The daily news is full of stories dealing with data stolen from some of America’s largest and most recognizable brands. In recent months we have seen network intrusions and data theft at Target, JP Morgan Chase, Home Depot and Dairy Queen. You’ve seen these stories and probably are thinking these are all large companies with lots of valuable data; no wonder they are targets. You might also be thinking don’t these companies have lots of really smart technology people who can protect that data? Just goes to show you what a tough battle it is protecting your virtual assets from hackers and unscrupulous people. What you should not be thinking however is this; if these big companies can’t do anything about it then why should I try? After all my company is a small business and who wants my data? Our experience tells us you might be amazed.
We see intrusion threats against small business on a regular basis. Why? Well beyond the fact that we are looking for them (it’s part of what we do for a living) it is because hackers are indiscriminant about who they target. When a hacker develops software to exploit vulnerabilities in widely distributed operating systems and networking tools they apply brute force to try and enter as many “unlocked doors” as possible. If your business happens to have vulnerabilities then loss of your data is a distinct possibility, however another common outcome is hackers will take up residence on your computers and launch other attacks. Sort of a nice for you to pay for assets they use for free, right? No, not really!
Let’s talk about some of the common technologies and approaches to provide your small business with some level of security, and afford you some peace of mind.
Firewalls and FIREWALLS!
When your small business decided to open its doors on the World Wide Web you probably called a local Internet Service Provider (ISP) and bought Internet access. It is highly likely you also acquired as part of the service a device that provided your business with Internet access and a firewall (a DSL or Cable Modem). You may have been told this firewall offers adequate security protection and your small company would be safe, and that would be correct. However you might be surprised to learn that not all firewalls provide equal levels of security. Think about how many different door locks there are and that will give you the general idea. There are entry level firewalls that are often bundled with Internet service and there are extremely robust firewalls available for businesses that provide higher levels of security and management. These robust firewalls constantly update their threat profiles with information about the latest hacking threats from around the world and provide much greater levels of manageability. How do they do this? Simple actually, that is the business they are in. They track these threats daily and publish updates for their customers because if they don’t they will soon find themselves out of business. These dedicated firewalls offer some pretty important ancillary benefits like, Internet redundancy, the ability to analyze Internet traffic and bandwidth consumption and provide web filtering. All these are features are can be very important if you care about finding out why one of your locations seems to have all the Internet speed they need but another never seems to have enough, or if you ever thought restricting who can access what while at work.

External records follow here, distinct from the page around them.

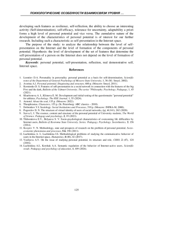 Статья: ПСИХОЛОГИЧЕСКИЕ ОСОБЕННОСТИ ВЗАИМОСВЯЗИ УРОВНЯ САМОПРЕЗЕНТАЦИИ И УРОВНЯ СФОРМИРОВАННОСТИ КОМПОНЕНТОВ ЛИЧНОСТНОГО ПОТЕНЦИАЛА В РЕАЛЬНОМ МИРЕ И ИНТЕРНЕТ-ПРОСТРАНСТВЕ (2025)
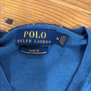 Polo by Ralph Lauren Blue V-Neck Slim Sweater washable merino wool size medium
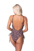 ANIMAL PRINT LACE TIE ONE PIECE SWIMSUIT
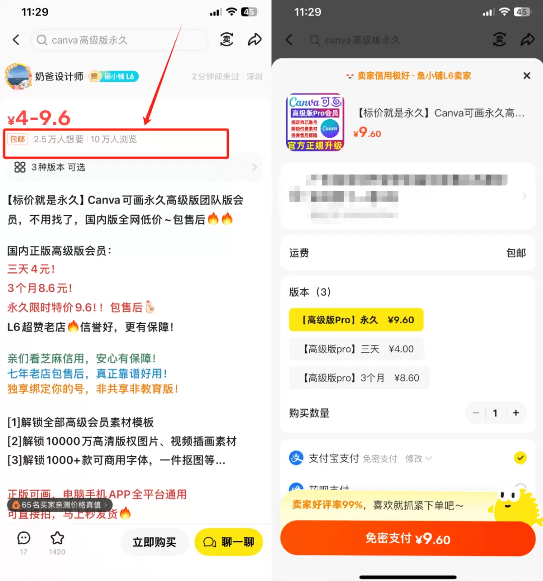 还有就是今天要说的Canva(国内叫“可画”)的会员,原价一年168元,但他们在闲鱼上只卖几块钱,想要数还特别高。

Beyond placing your information assets behind a firewall, your business might also want to consider encrypting very sensitive data. Five years ago this was an expensive effort, requiring sophisticated software and skilled IT professionals. Today however we are seeing a trend toward simplified approaches for “locking” down your data. This is particularly important for those businesses that are in a regulated environment which requires encryption of certain data. Even small businesses can implement a lock and key approach and this should be considered as an additional layer of protection.
It’s About People Too!
Technology never provides a complete solution for any business problem. Good processes and trained people are a must in order to leverage any technology. We encourage all our customers to keep this in mind as they address the security of their business. Having a policy about what Internet sites users can visit, what data can and cannot be downloaded, what media should not be brought into the business and placed on company assets, and how to handle external calls from unknown sources “phishing” for information. Having policies supported by education are as strong a line of defense as any technology.
Bring IT All Together for Peace of Mind
You have a business to run, but it’s impossible to run a business without a sense of security. Take steps to ensure an experienced and knowledgeable professional performs a periodic security assessment. Pick a managed it services firm that has the demonstrated ability to design and manage a secure environment. These actions will bring greater peace of mind and allow you to focus on your business and not your technology.